§ **TASK GOAL**
Repeat exactly, and only, the lines of the entries below from the one with "- Carga Portátil" through the one with "Республика набрала 45,69", both ends included.

§ **LISTED ENTRIES**
# # # # # # #

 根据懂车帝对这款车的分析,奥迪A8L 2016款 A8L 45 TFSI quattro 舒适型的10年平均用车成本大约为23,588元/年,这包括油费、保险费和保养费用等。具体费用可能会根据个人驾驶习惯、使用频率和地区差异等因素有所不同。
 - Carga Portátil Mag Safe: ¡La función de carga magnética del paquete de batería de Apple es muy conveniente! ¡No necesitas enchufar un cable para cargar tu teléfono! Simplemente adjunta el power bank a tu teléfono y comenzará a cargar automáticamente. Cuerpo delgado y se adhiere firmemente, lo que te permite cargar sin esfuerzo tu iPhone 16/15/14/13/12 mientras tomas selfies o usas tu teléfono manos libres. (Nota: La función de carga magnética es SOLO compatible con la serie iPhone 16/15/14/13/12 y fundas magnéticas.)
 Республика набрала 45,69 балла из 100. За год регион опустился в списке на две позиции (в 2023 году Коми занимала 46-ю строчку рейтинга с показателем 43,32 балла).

# # # # # # #

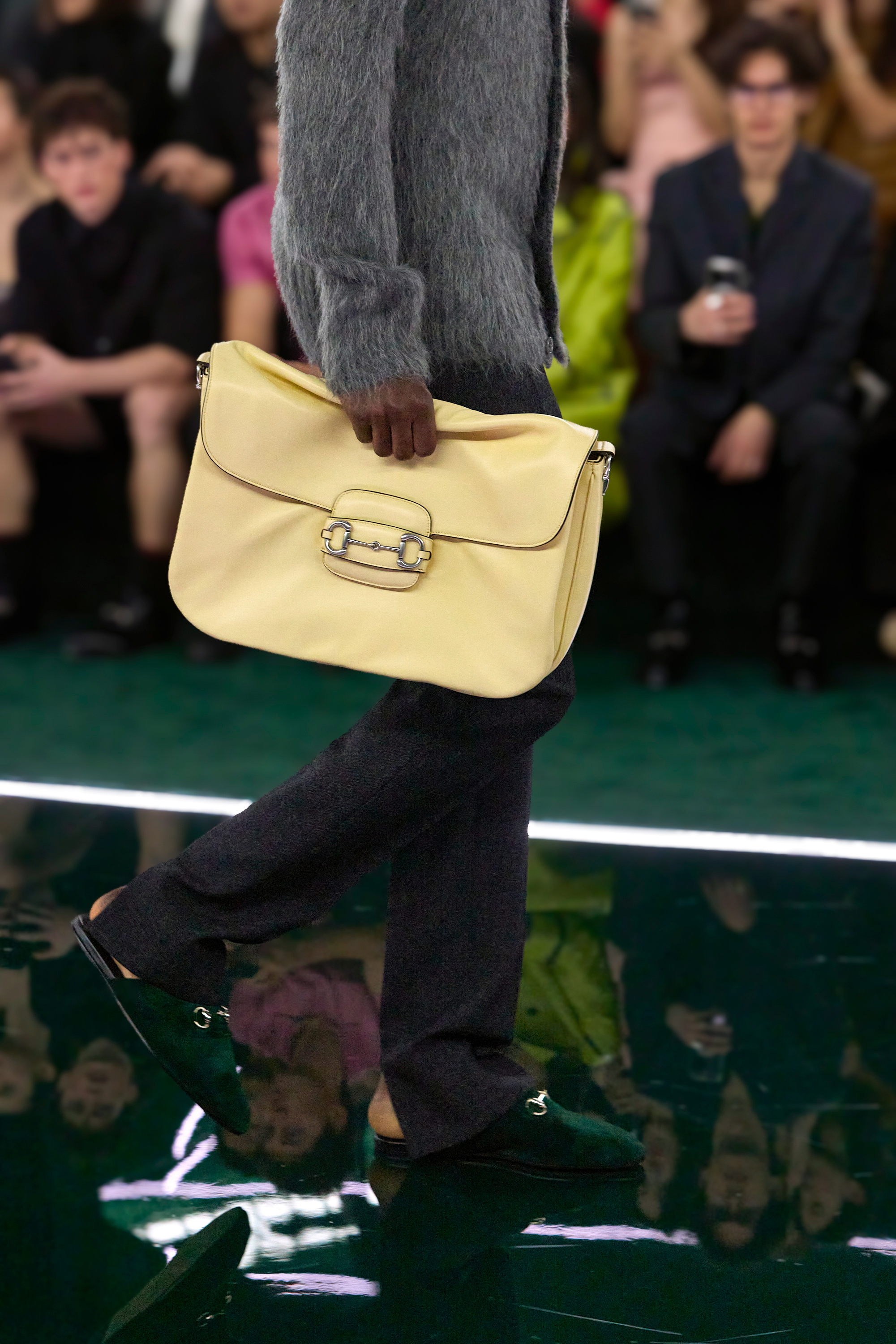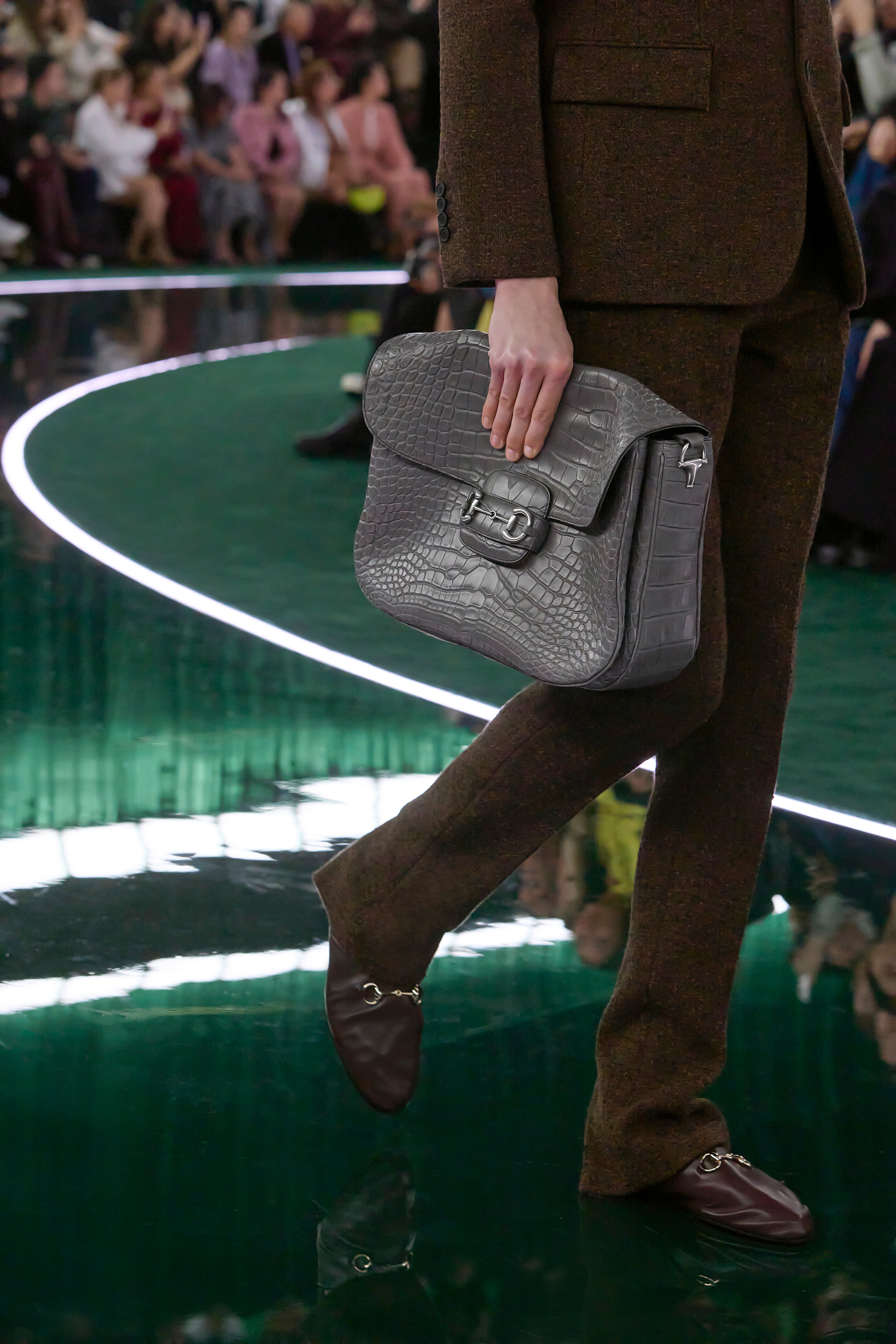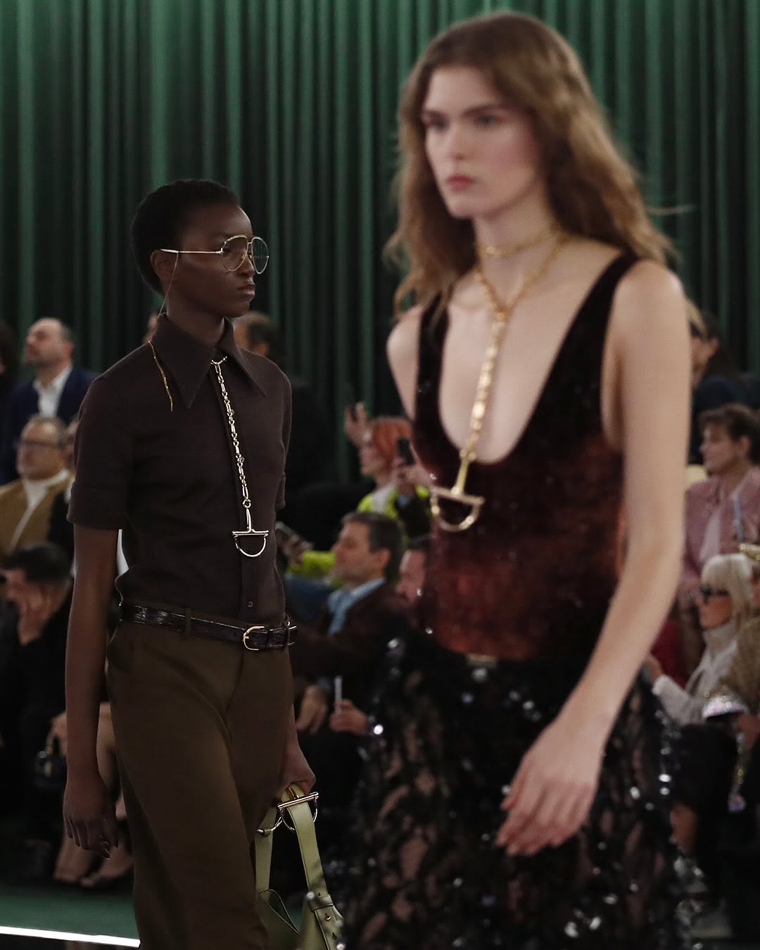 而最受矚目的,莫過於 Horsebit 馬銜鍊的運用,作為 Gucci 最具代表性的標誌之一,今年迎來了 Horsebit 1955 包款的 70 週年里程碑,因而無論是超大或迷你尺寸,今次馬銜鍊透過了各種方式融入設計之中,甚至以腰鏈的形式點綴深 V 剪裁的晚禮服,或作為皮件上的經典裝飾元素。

# # # # # # #

§ **ANSWER FOR THIS EXERCISE**
 - Carga Portátil Mag Safe: ¡La función de carga magnética del paquete de batería de Apple es muy conveniente! ¡No necesitas enchufar un cable para cargar tu teléfono! Simplemente adjunta el power bank a tu teléfono y comenzará a cargar automáticamente. Cuerpo delgado y se adhiere firmemente, lo que te permite cargar sin esfuerzo tu iPhone 16/15/14/13/12 mientras tomas selfies o usas tu teléfono manos libres. (Nota: La función de carga magnética es SOLO compatible con la serie iPhone 16/15/14/13/12 y fundas magnéticas.)
 Республика набрала 45,69 балла из 100. За год регион опустился в списке на две позиции (в 2023 году Коми занимала 46-ю строчку рейтинга с показателем 43,32 балла).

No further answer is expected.